Construindo Pontes (2017) é um documentário que iniciou como uma proposta, mas acabou indo à outra direção, algo bastante comum no universo do gênero. Ao narrar a trajetória de seu pai enquanto um proeminente engenheiro civil paranaense na época do “milagre brasileiro”, época assim conhecida de período de desenvolvimentismo durante o regime militar no Brasil, Heloisa acaba tomando novos rumos. Em vários momentos, enquanto os dois personagens (o pai, Álvaro Passos, e ela mesma) se colocam diante de uma mesa com mapas para discutir sobre as rodovias que ele projetava naquela época, surgiam questões de maior relevância no relacionamento entre pai e filha que seriam mais imponentes do que a questão entrevistado e realizadora.
É assim que o documentário percorre a sua própria construção, e, assim, acaba revelando as opiniões dos dois sobre diversos temas. Enquanto o pai acreditava fidedignamente que o período militar foi essencial para a construção de um sentimento de nação ao Brasil, a filha já contrapunha seus argumentos dizendo que era inadmissível aceitar que alguma coisa de bom poderia ter vindo daquele momento de tortura e repressão ideológica. Em época de crise política no Brasil, que culminou na saída da ex-presidenta Dilma Rousseff do poder executivo em 2016, quando o longa foi produzido, a situação ia ainda mais longe: o pai chamava de “impeachment” e a filha, “golpe”.
Construindo Pontes expõe com sensibilidade as lacunas do relacionamento entre o pai e a filha.
Em meio a discussões acaloradas sobre os temas, logo se via uma divergência entre o pai e a filha que caracterizava a relação entre os dois. Se, por um lado, todas as discussões tinham um viés ideológico, por outro lado Heloisa vai nos mostrando que o buraco era muito mais embaixo. Enquanto reflete sobre isso na voz em off do documentário, a realizadora revela que muito daquele cenário entre os dois tinha origem longe, quando ela ainda era jovem, e que criou feridas não cicatrizadas, tanto pelo pai quanto pela filha, que acabavam se materializando no misto de silêncio e desavenças.

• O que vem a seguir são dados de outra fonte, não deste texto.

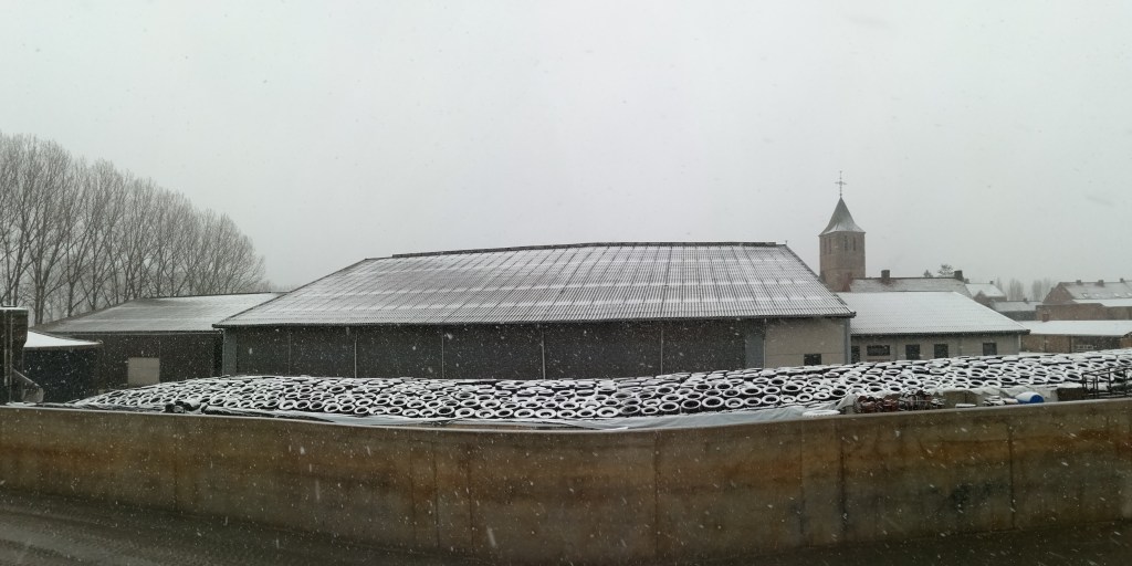 Met Kerst zaten we tevergeefs te wachten op een White Christmas. Maar nu heeft het gesneeuwd! Gisterenochtend begonnen de vlokjes te vallen, eerst smolten ze nog weg, maar ze bleven uit de lucht vallen… Er werd een mooi winters landschap gevormd! Exact vier jaar geleden was het ook van dat trouwens. Ik maakte toen kort een filmpje: Onze boerderij in de sneeuw. Ook nu heb ik enkele beelden voor jullie. Het blijft prachtig, zelfs al is het kl*te om in te werken!
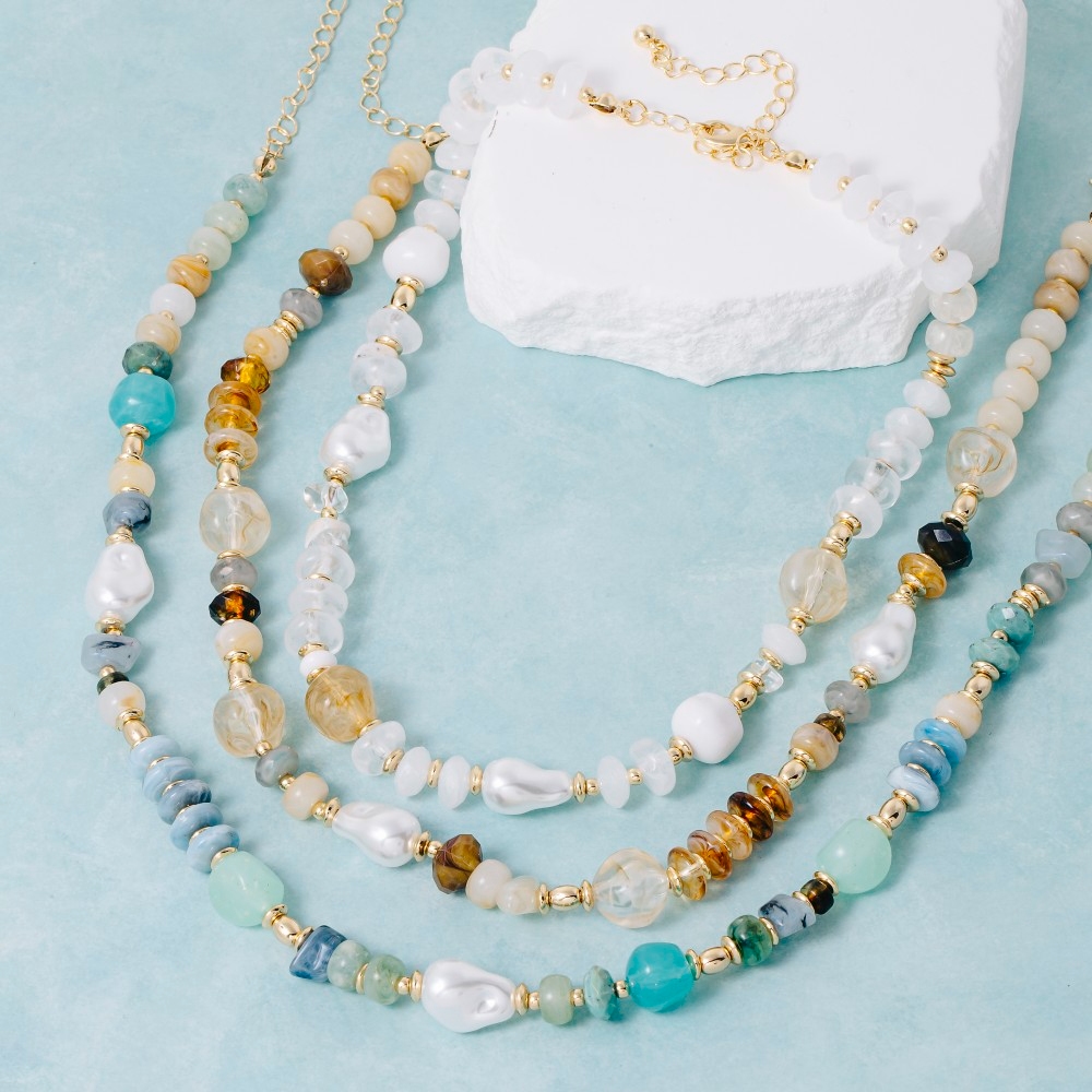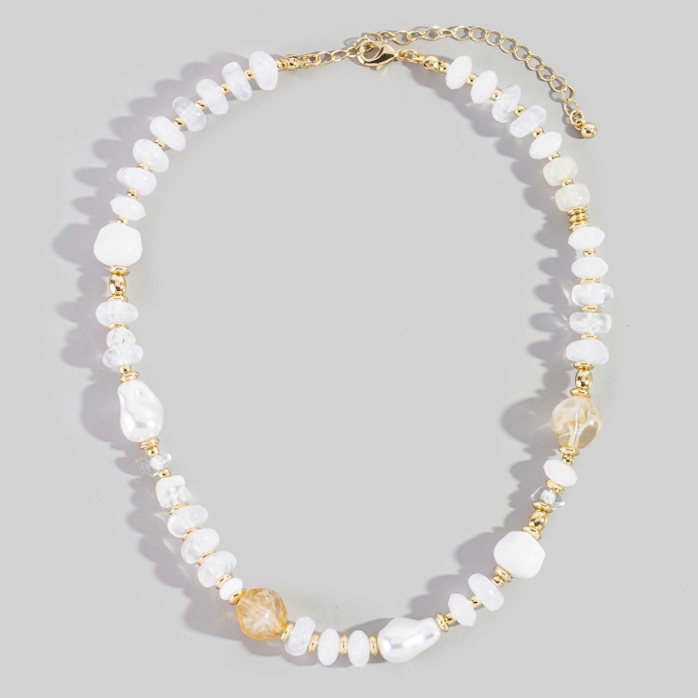 • The perfect way to add some edge to your look, this necklace encompasses a grand intricate mixed beaded design. This item is perfect for anyone who loves to accessorize and add some personality to their outfits. Available in LCTG, LSAG, WHG. This item is sold in packs of 1.

Um outro ponto de extrema importância na construção do longa é o uso de simbologias, como a questão da água enquanto potência. Ao usar a referência do Salto de Sete Quedas do rio Paraná, que até o fim da sua existência foi a maior e mais potente cachoeira do mundo para então dar lugar à construção da usina hidrelétrica de Itaipu, Heloisa compara com o relacionamento que tinha com seu pai. Enquanto elemento natural, a água é uma potência naturalmente bastante forte; porém, quando contida, pode deixar submersos mundos que deixam de existir – estes, repletos de emoções, sensibilidade, mágoas.
Desta forma, a (des)sincronia entre o pai e a filha vai ganhando novas matizes e culminam não apenas em um simples embate político das situações que estavam acontecendo naquele momento no país, das opiniões com relação a temas espinhosos como o impeachment ou a legitimidade da Polícia Federal na operação Lava-Jato, mas também numa tentativa de conexão entre pai e filha, que, embora de maneira fraca e torta, os levou a produzir um longa-metragem em busca de uma catarse.
Heloisa demonstra, com uma sensibilidade tremenda, que é possível fazer um documentário de maneira sincera e eloquente, mas sem ao mesmo tempo perder o passo daquilo que é mais importante: a representação da verdade, ali, nua e crua, nas discussões em jantar em família, no silêncio em viagens de carros, em situações tão corriqueiras que podem representar muito. E, assim, levantar muros ou construir pontes.